● **Required work**
As you restate the entries, keep every word intact and leave out whatever images they hold.

Saved data entries
──────────
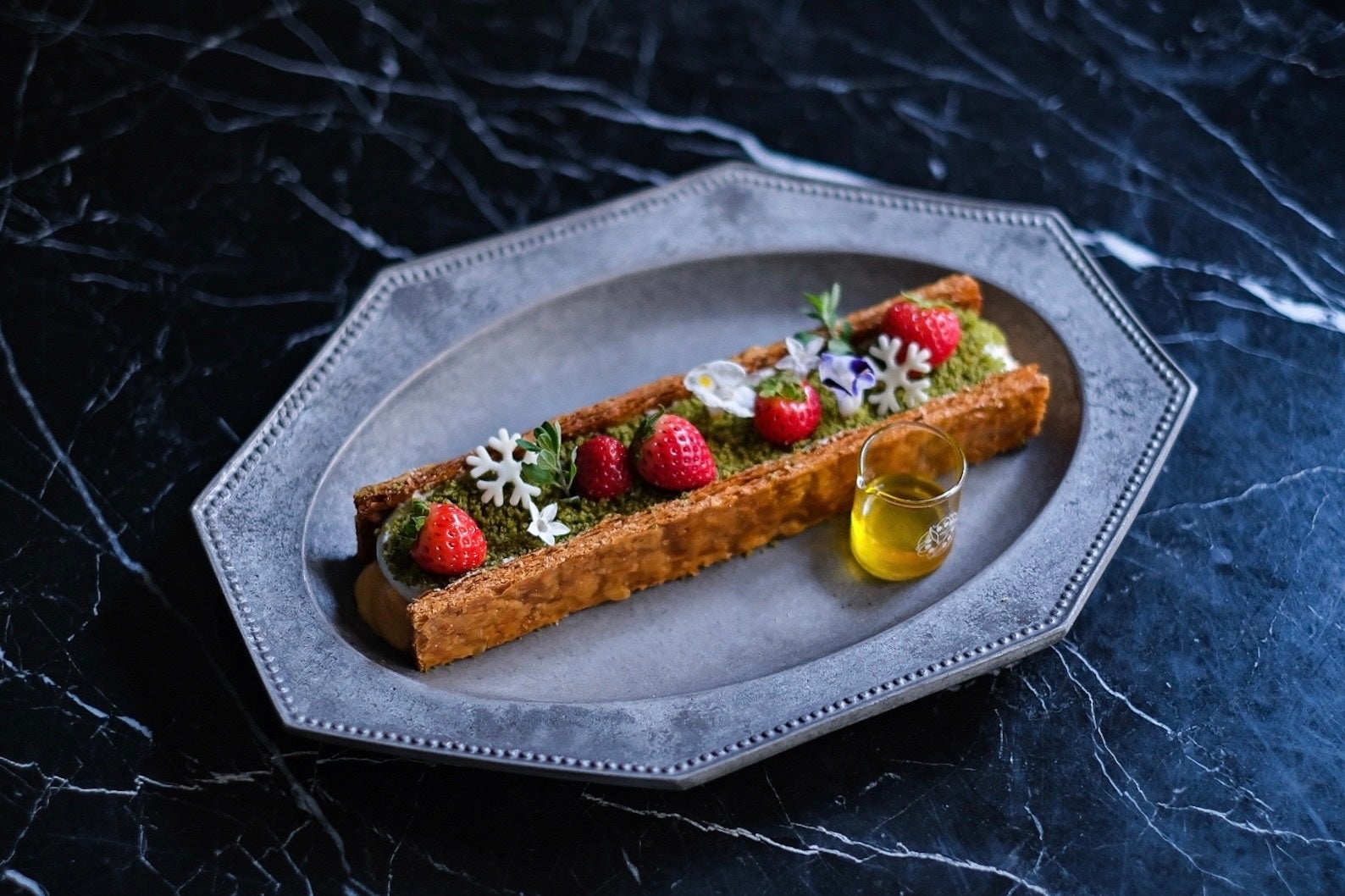 約22cmのパイを立ててサンドするのは、下から自家製カスタードクリーム・ヴァンショー風のベリーソース・バニラシャンティ。上にはピスタチオクラムをのせて畑に見立て、エディブルフラワーやマジョラムで緑やお花を咲かせます。また「セドリック カサノヴァ」の樹齢400年の古木のパワーを感じる黄金色のシチリア産オリーブオイル「MAMUN」を添えてお楽しみいただきます。
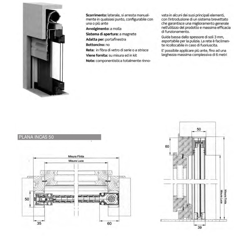 Plana – Zanzariera senza bottoncini ad incasso a scorrimento laterale
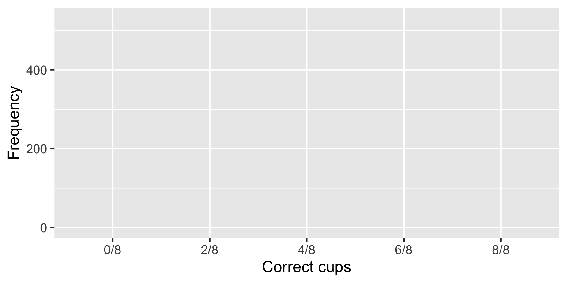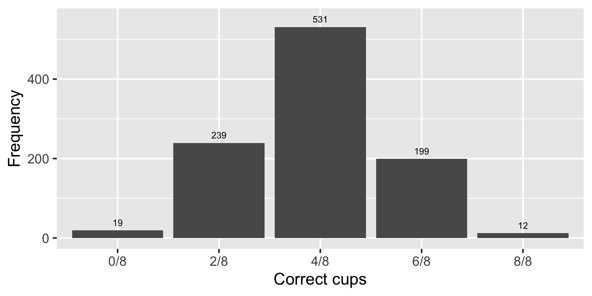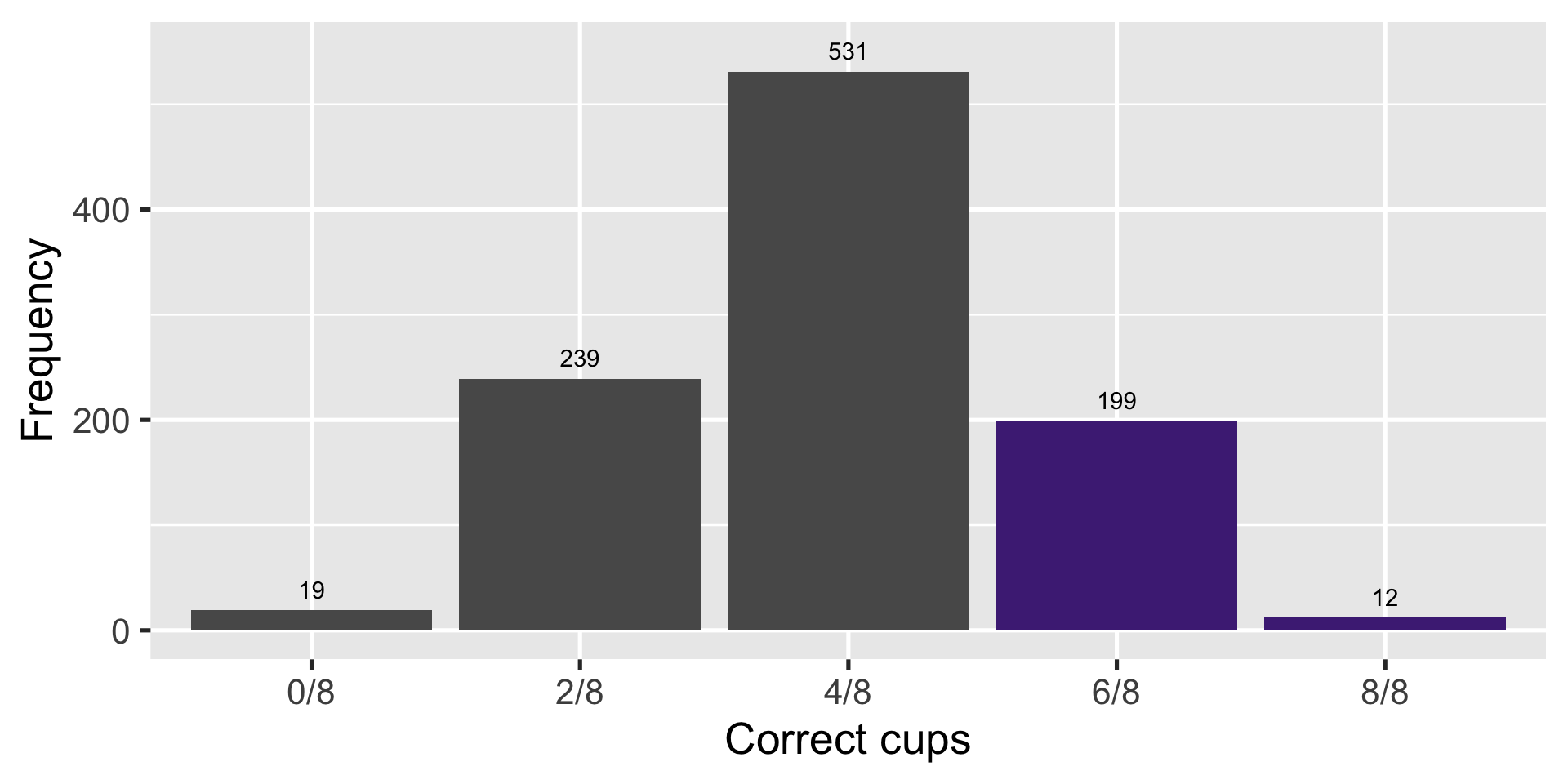 Random guesser gets at least 6/8 cups right \(\frac{(199+12)}{1000} \approx 0.21\) of the time
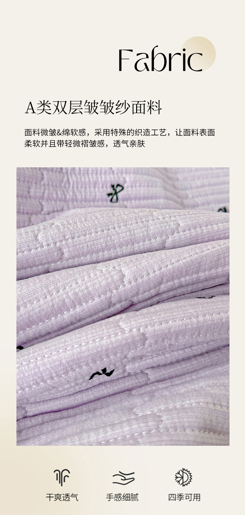 • 91家纺网 家纺一手货源 找家纺 恒尚居 2026新款云感皱皱纱床盖花边床单双层纱床盖三件套-四季款 花边款-紫萱
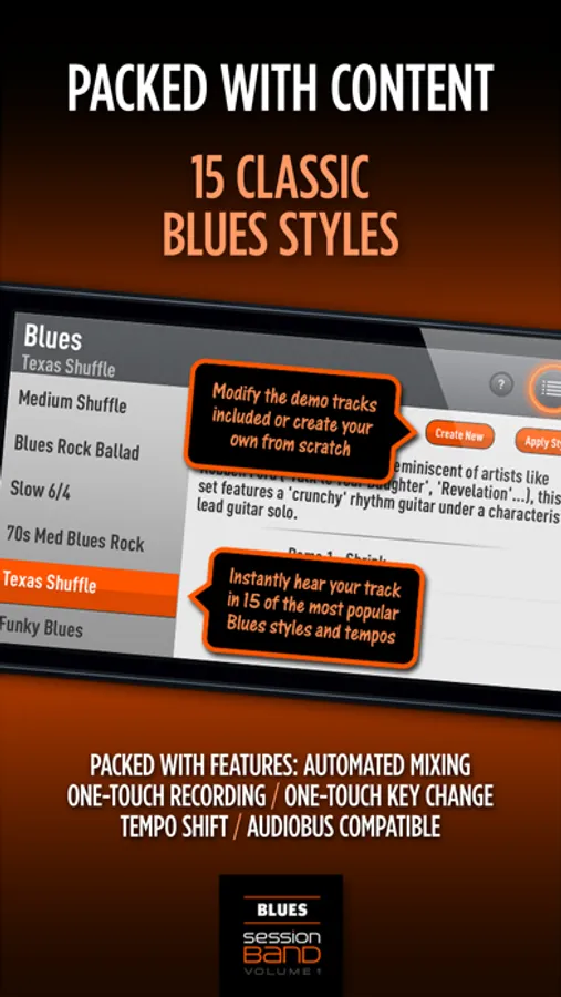 For Blues musicians and songwriters, this unique app is the ultimate tool for jamming and writing, with full and complete Blues tracks just minutes away! It's also simple enough for non-musicians to create their own great-sounding, royalty-free music with.
──────────
● **Your solution**
 約22cmのパイを立ててサンドするのは、下から自家製カスタードクリーム・ヴァンショー風のベリーソース・バニラシャンティ。上にはピスタチオクラムをのせて畑に見立て、エディブルフラワーやマジョラムで緑やお花を咲かせます。また「セドリック カサノヴァ」の樹齢400年の古木のパワーを感じる黄金色のシチリア産オリーブオイル「MAMUN」を添えてお楽しみいただきます。
 Plana – Zanzariera senza bottoncini ad incasso a scorrimento laterale
 Random guesser gets at least 6/8 cups right \(\frac{(199+12)}{1000} \approx 0.21\) of the time
 • 91家纺网 家纺一手货源 找家纺 恒尚居 2026新款云感皱皱纱床盖花边床单双层纱床盖三件套-四季款 花边款-紫萱
 For Blues musicians and songwriters, this unique app is the ultimate tool for jamming and writing, with full and complete Blues tracks just minutes away! It's also simple enough for non-musicians to create their own great-sounding, royalty-free music with.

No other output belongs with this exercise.